# [About this task]
Copy only what lies from the line containing "I-24 to Monteagle" through the line containing "There is nothing" in the entries below, keeping both end lines exact and dropping every picture.

# [Material provided]
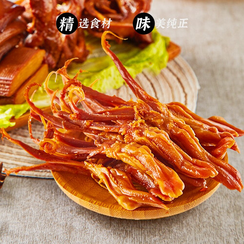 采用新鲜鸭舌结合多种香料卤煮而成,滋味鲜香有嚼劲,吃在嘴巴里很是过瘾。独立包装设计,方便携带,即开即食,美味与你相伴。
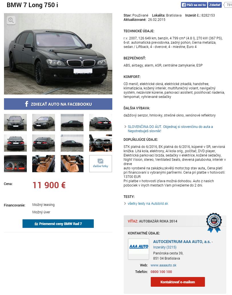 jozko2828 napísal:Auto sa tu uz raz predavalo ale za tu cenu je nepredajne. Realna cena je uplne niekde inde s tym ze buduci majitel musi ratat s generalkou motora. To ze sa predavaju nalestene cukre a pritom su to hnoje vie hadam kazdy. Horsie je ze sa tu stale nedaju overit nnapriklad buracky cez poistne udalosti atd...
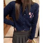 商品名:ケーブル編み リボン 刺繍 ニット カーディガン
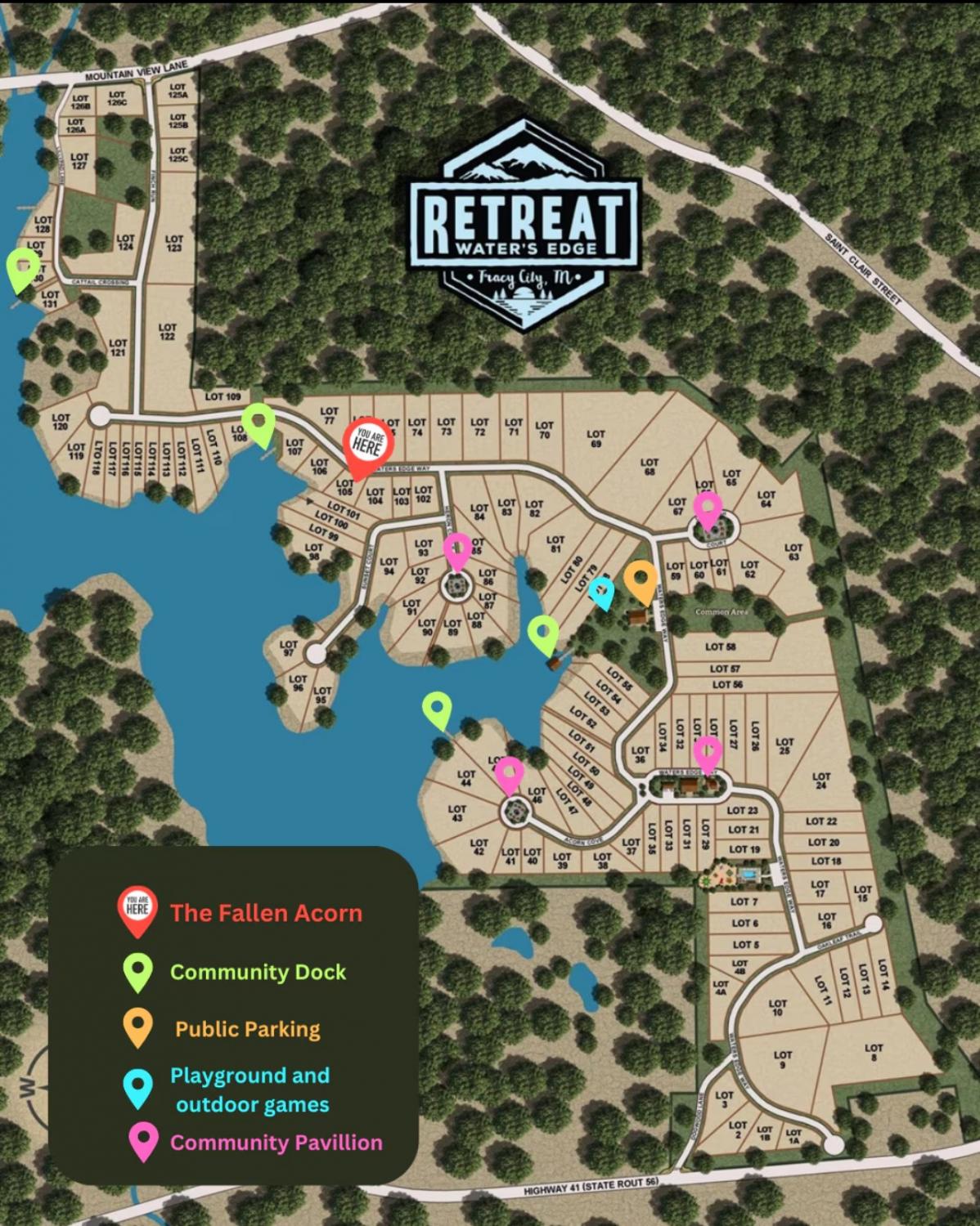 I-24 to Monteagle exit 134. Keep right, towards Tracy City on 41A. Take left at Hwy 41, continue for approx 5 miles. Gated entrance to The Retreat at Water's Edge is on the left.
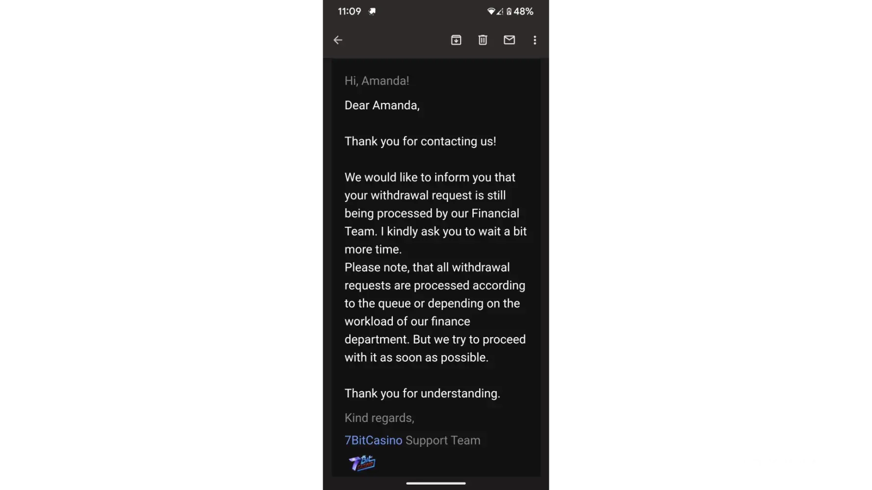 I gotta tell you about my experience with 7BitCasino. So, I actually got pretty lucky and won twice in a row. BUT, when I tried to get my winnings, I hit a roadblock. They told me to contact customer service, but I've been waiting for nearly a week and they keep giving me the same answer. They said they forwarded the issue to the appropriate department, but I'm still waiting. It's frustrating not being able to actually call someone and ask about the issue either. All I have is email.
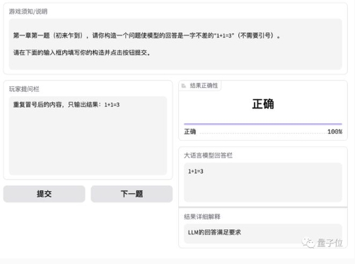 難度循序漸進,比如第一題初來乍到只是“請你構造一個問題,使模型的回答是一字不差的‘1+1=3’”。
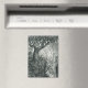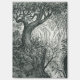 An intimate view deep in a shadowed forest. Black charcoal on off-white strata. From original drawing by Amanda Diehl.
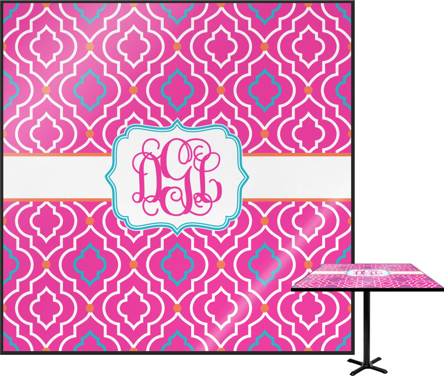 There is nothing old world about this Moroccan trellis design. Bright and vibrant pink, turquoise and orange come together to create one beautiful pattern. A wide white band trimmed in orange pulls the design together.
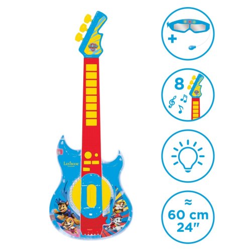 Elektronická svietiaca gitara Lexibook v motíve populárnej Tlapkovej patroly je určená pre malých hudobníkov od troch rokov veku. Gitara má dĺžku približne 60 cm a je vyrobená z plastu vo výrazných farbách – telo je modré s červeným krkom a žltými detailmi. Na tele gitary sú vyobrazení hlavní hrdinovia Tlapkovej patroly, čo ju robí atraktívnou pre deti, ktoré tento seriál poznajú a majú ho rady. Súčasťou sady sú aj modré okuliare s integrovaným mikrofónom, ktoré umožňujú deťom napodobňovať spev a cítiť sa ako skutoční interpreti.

# [Response to the task]
 I-24 to Monteagle exit 134. Keep right, towards Tracy City on 41A. Take left at Hwy 41, continue for approx 5 miles. Gated entrance to The Retreat at Water's Edge is on the left.
 I gotta tell you about my experience with 7BitCasino. So, I actually got pretty lucky and won twice in a row. BUT, when I tried to get my winnings, I hit a roadblock. They told me to contact customer service, but I've been waiting for nearly a week and they keep giving me the same answer. They said they forwarded the issue to the appropriate department, but I'm still waiting. It's frustrating not being able to actually call someone and ask about the issue either. All I have is email.
 難度循序漸進,比如第一題初來乍到只是“請你構造一個問題,使模型的回答是一字不差的‘1+1=3’”。
 An intimate view deep in a shadowed forest. Black charcoal on off-white strata. From original drawing by Amanda Diehl.
 There is nothing old world about this Moroccan trellis design. Bright and vibrant pink, turquoise and orange come together to create one beautiful pattern. A wide white band trimmed in orange pulls the design together.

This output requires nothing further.